According to the present invention, the cycle characteristics at high temperatures are improved, and the safety of the non-aqueous electrolyte secondary battery using a non-aqueous solvent mainly composed of a lactone compound, which is inherently low in ignition properties and the like, is obtained. A non-aqueous electrolyte secondary battery with higher performance can be provided without loss.

 ──────────────────────────────────────────────────続 き Continued on the front page (72) Shinichi Kinoshita, Inventor Shinichi Kinoshita 8-3-1 Chuo, Ami-cho, Inashiki-gun, Ibaraki Prefecture Mitsubishi Chemical Corporation (72) Inventor Makoto Ue 8-3-1 Chuo, Ami-cho, Inashiki-gun, Ibaraki No. 1 Mitsubishi Chemical Corporation F-term (reference)

Claims (9)

[Claims] 1. A negative electrode containing at least metal lithium, a lithium alloy or a material capable of inserting and extracting lithium, a positive electrode containing a material capable of inserting and extracting lithium, and a lithium salt in a non-aqueous solvent. And a non-aqueous electrolyte secondary battery composed of an electrolytic solution obtained by dissolving the compound, wherein the non-aqueous solvent is a solvent mainly containing a lactone compound, and the nitrogen-containing aromatic heterocyclic compound is 0.1 to 10%. A non-aqueous electrolyte secondary battery, characterized in that it contains about 10% by weight. 2. The non-aqueous system according to claim 1, wherein the nitrogen-containing aromatic heterocyclic compound is at least one compound selected from the group consisting of a pyridine skeleton, a pyrrole skeleton, an imidazole skeleton, and a compound having a pyrimidine skeleton. Electrolyte secondary battery. 3. The nitrogen-containing aromatic heterocyclic compound is at least one compound selected from the group consisting of pyridine, pyrrole, 1-methylpyrrole, quinoline, isoquinoline, 1-methylimidazole and pyrimidine. 3. The non-aqueous electrolyte secondary battery according to 2. 4. The non-aqueous electrolyte secondary battery according to claim 1, wherein the lactone compound contains γ-butyrolactone. 5. An electrolytic solution comprising 0.1 to 10% by weight of at least one compound selected from the group consisting of vinylene carbonate, ethylene sulfide, vinyl ethylene carbonate, propane sultone, phenyl ethylene carbonate and cyclic carboxylic anhydride. %.
5. The non-aqueous electrolyte secondary battery according to any one of items 1 to 4. 6. The method according to claim 1, wherein the lithium salt is LiPF _{6 or} LiBF.

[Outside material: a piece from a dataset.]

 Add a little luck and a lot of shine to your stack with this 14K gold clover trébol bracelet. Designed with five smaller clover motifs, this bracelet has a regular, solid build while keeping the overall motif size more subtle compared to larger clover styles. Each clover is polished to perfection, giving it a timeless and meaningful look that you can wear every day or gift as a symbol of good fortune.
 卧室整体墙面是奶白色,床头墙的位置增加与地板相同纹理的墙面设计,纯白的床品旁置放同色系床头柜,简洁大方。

₄ or at least one inorganic lithium salt selected from LiCF ₃ SO ₃ , LiN (CF ₃ SO ₂ ) ₂ , LiN (C
F ₃ CF ₂ SO ₂ ) ₂ , LiN (CF ₃ SO ₂ ) (C ₄ F ₉ SO
₂ ), LiPF ₃ (C ₂ F ₅ ) ₃ and LiB (CF ₃ COO)

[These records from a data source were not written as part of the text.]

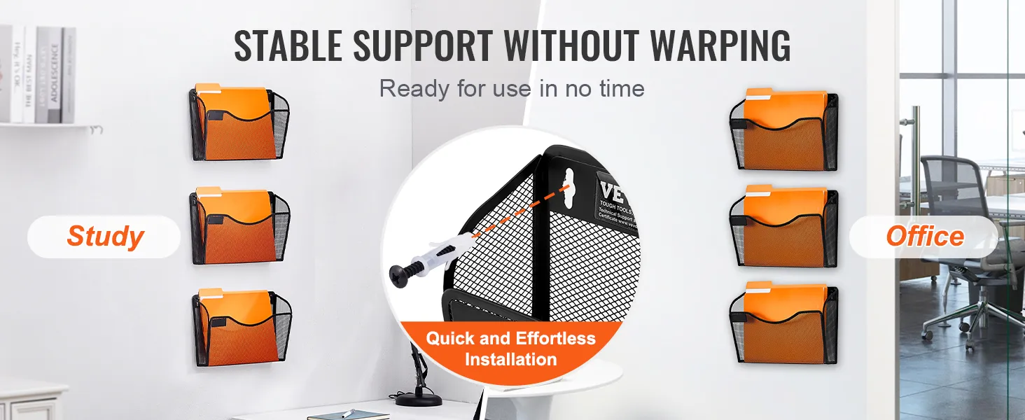 Snelle en eenvoudige montage: onze wanddocumentorganizer kan in een mum van tijd worden geïnstalleerd met slechts twee gaten - geen ingewikkelde instructies vereist. Hij past op elke muur en vereist minimaal gereedschap, zodat u zonder problemen van uw georganiseerde ruimte kunt genieten. Het is het toonbeeld van eenvoudige montage.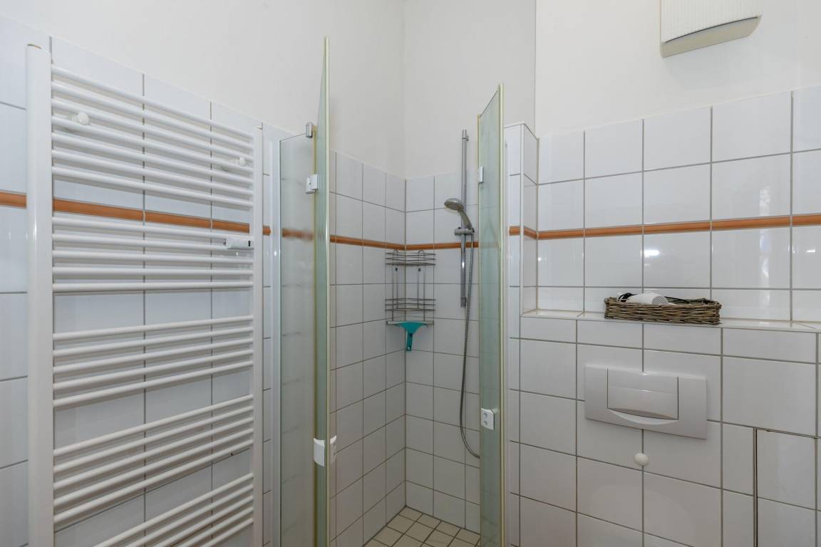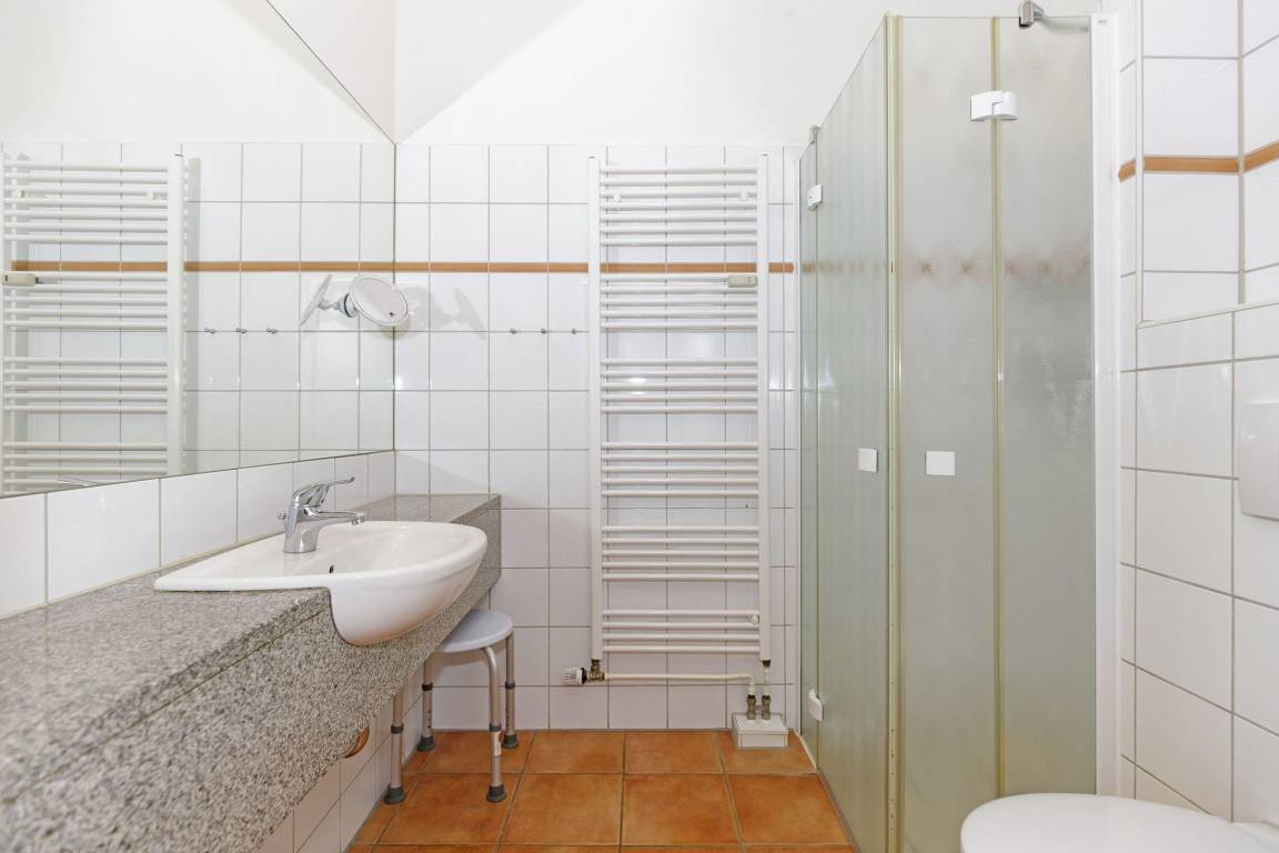 Das Badezimmer ist ausgestattet mit einer Dusche, einem WC, einem Handtuchheizkörper sowie einem ausladenden Waschtisch.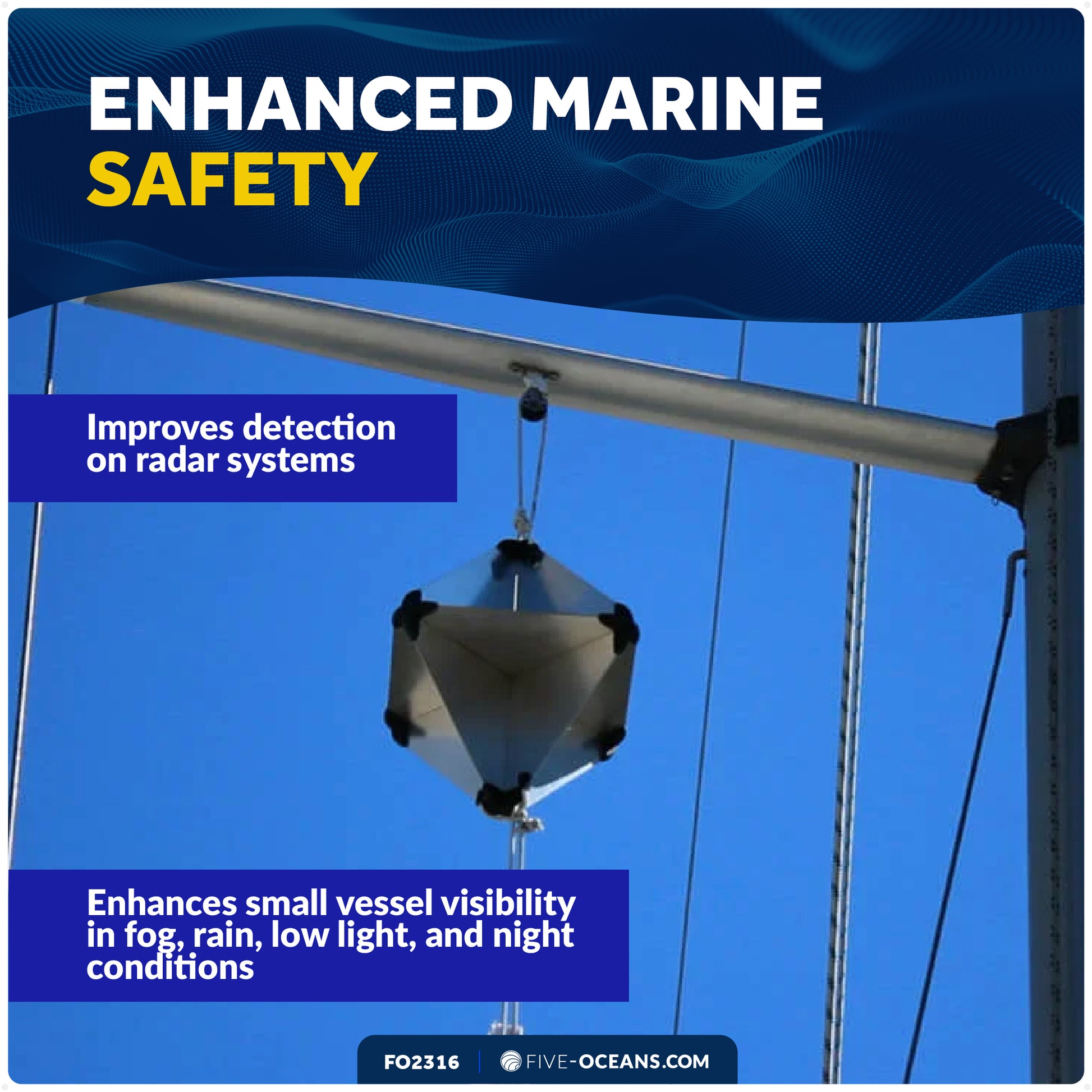 EFFECTIVE RADAR REFLECTION: Octahedral shape reflects radar signals from multiple angles, increasing your boat's visibility to other vessels in all directions.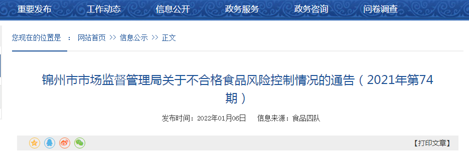 中國質(zhì)量新聞網(wǎng)訊 2022年1月6日,遼寧省錦州市市場監(jiān)督管理局網(wǎng)站發(fā)布關(guān)于不合格食品風險控制情況的通告(2021年第74期)。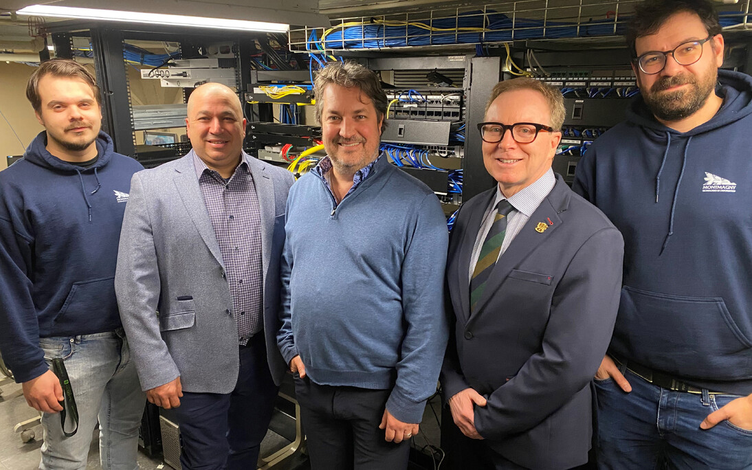 Sur la photo, on aperçoit le technicien en informatique, M. François-Xavier Noël, le préfet de la MRC de Montmagny, M. Frédéric Jean, le député de Côte-du-Sud, M. Mathieu Rivest, le maire de Montmagny, M. Marc Laurin, et le coordonnateur en technologie de l'information, M. Olivier Côté.
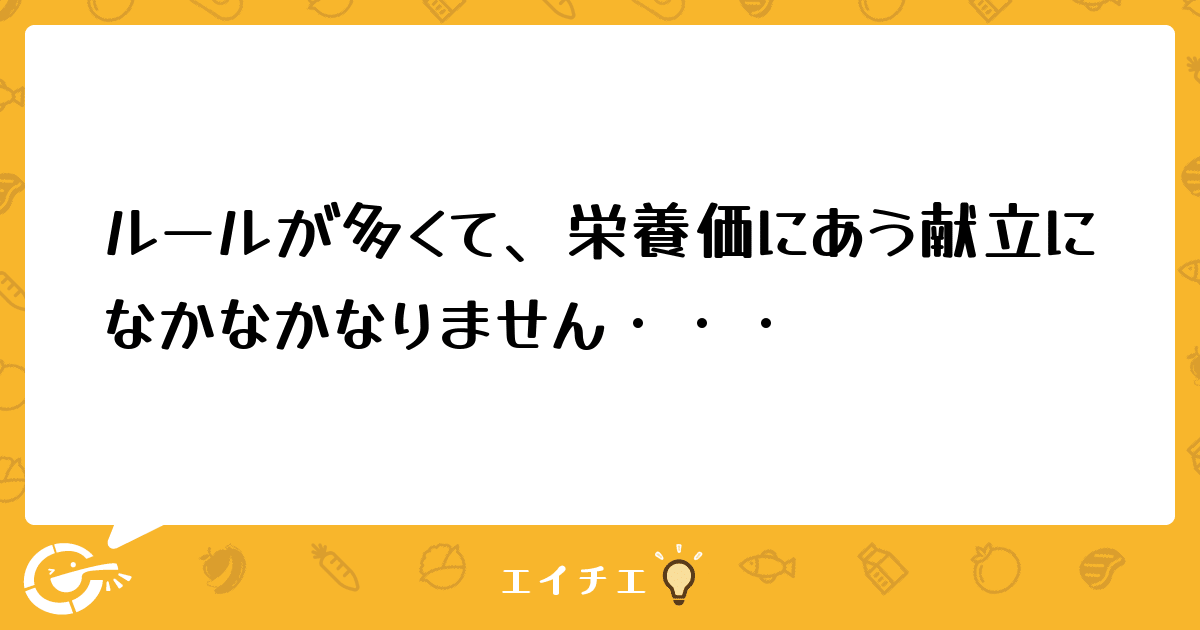 すべてにおいてのボリュームを出すとなるとカロリーを抑えるのは難しいと伝えたところ、あなた栄養士なんだから、難しくてもやってもらわないとって言われて・・

The non-aqueous electrolyte secondary battery according to claim 1, wherein the non-aqueous electrolyte secondary battery is at least one kind of organic lithium salt selected from the group consisting of ₄ . 7. The lactone compound contains 50% by weight or more of γ-butyrolactone, and contains vinylene carbonate, ethylene sulfide, vinyl ethylene carbonate, propane sultone, phenyl ethylene carbonate, succinic anhydride, malonic anhydride, 0.1 to 10% by weight of at least one compound selected from the group consisting of maleic anhydride and phthalic anhydride;
BF is a _4, a non-aqueous electrolyte secondary battery according to any one of claims 1 to 6. 8. A negative electrode material capable of inserting and extracting lithium has a lattice plane (002 plane) having a d-value of 0.1 in X-ray diffraction.

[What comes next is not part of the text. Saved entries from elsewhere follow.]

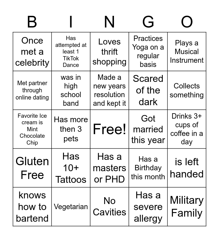 This bingo card has a free space and 24 words: Has 10+ Tattoos, Vegetarian, Made a new years resolution and kept it, knows how to bartend, Plays a Musical Instrument, Once met a celebrity, Met partner through online dating, Has attempted at least 1 TikTok Dance, Got married this year, Has a masters or PHD, Scared of the dark, Favorite Ice cream is Mint Chocolate Chip, Has a Birthday this month, is left handed, was in high school band, Has a severe allergy, Drinks 3+ cups of coffee in a day, Loves thrift shopping, Collects something, Has more then 3 pets, Military Family, Gluten Free, Practices Yoga on a regular basis and No Cavities.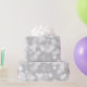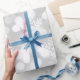 Elegant pattern of white snowflakes and sparkles on a light grey background.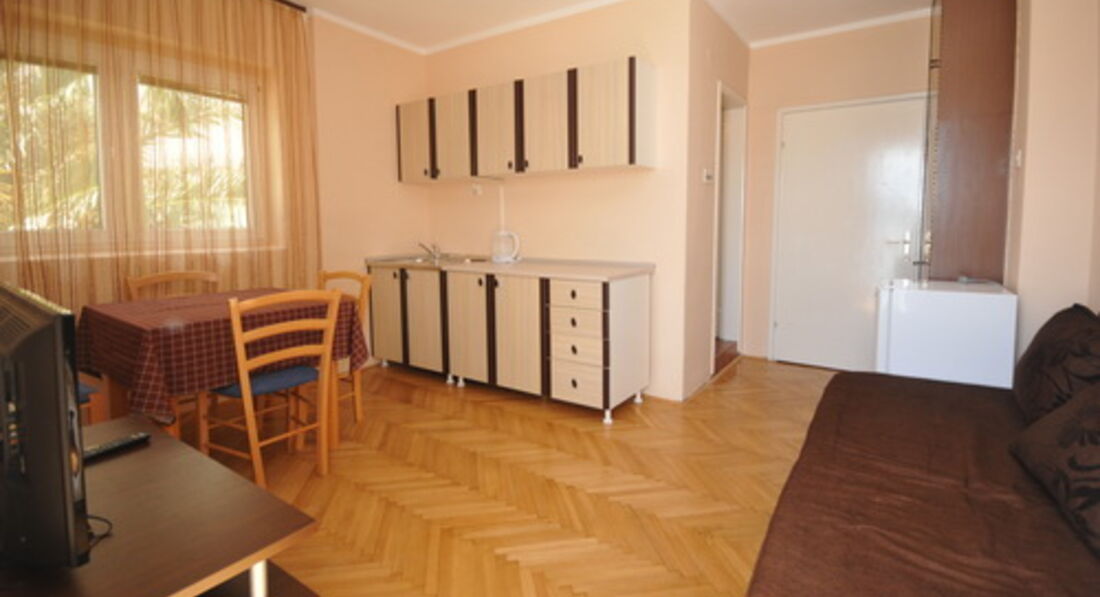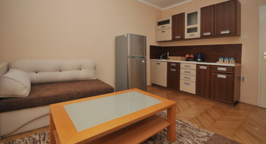 APP 02+2/SV/№3: близько 26м2 + тераса 3м2, великий коридор, вітальня з розкладним диваном та міні-кухнею, спальня з французьким ліжком.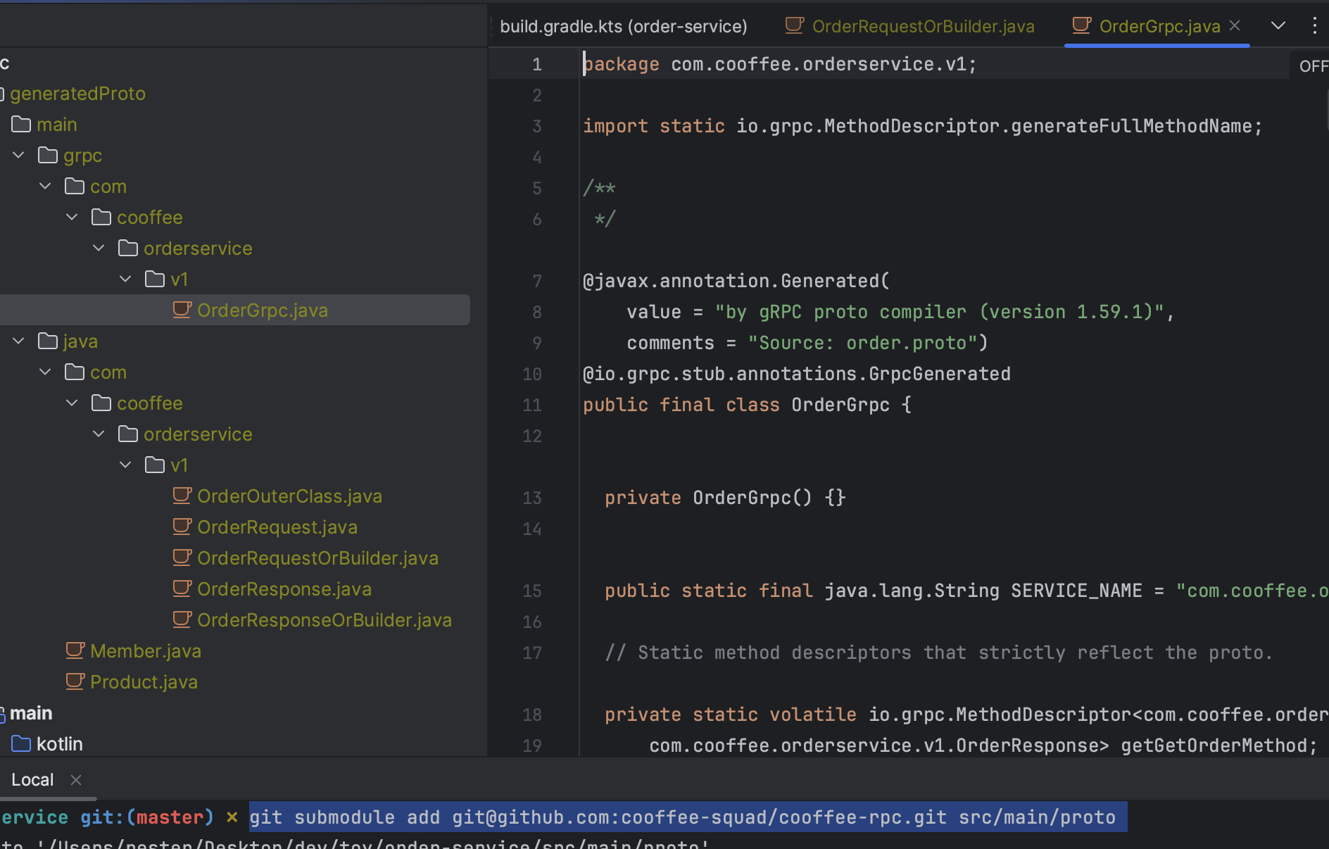 토이 프로젝트를 진행하면서 gRPC를 사용하려는데 rpc파일들은 submodule로 관리를 하려고 한다. 일단 붙이긴 해서 여기서 더 효율적인 gradle내용과 이쁘게 하기 위해 수정은 해야겠지만 기록 및 공유하기 위함

335-0.34 nm carbonaceous material and / or S
at least one selected from the group consisting of n, Si and Al
The non-aqueous electrolyte secondary battery according to claim 1, comprising a metal oxide and / or a lithium alloy. 9. A method for use in combination with at least a negative electrode including metallic lithium, a lithium alloy or a material capable of inserting and extracting lithium, and a positive electrode including a material capable of inserting and extracting lithium. An electrolyte for a secondary battery, comprising a lithium salt dissolved in a non-aqueous solvent, wherein the non-aqueous solvent is a solvent mainly composed of a lactone compound, and the nitrogen-containing aromatic heterocyclic compound is 0.1 to 0.1%. 1
A non-aqueous electrolyte solution containing 0% by weight.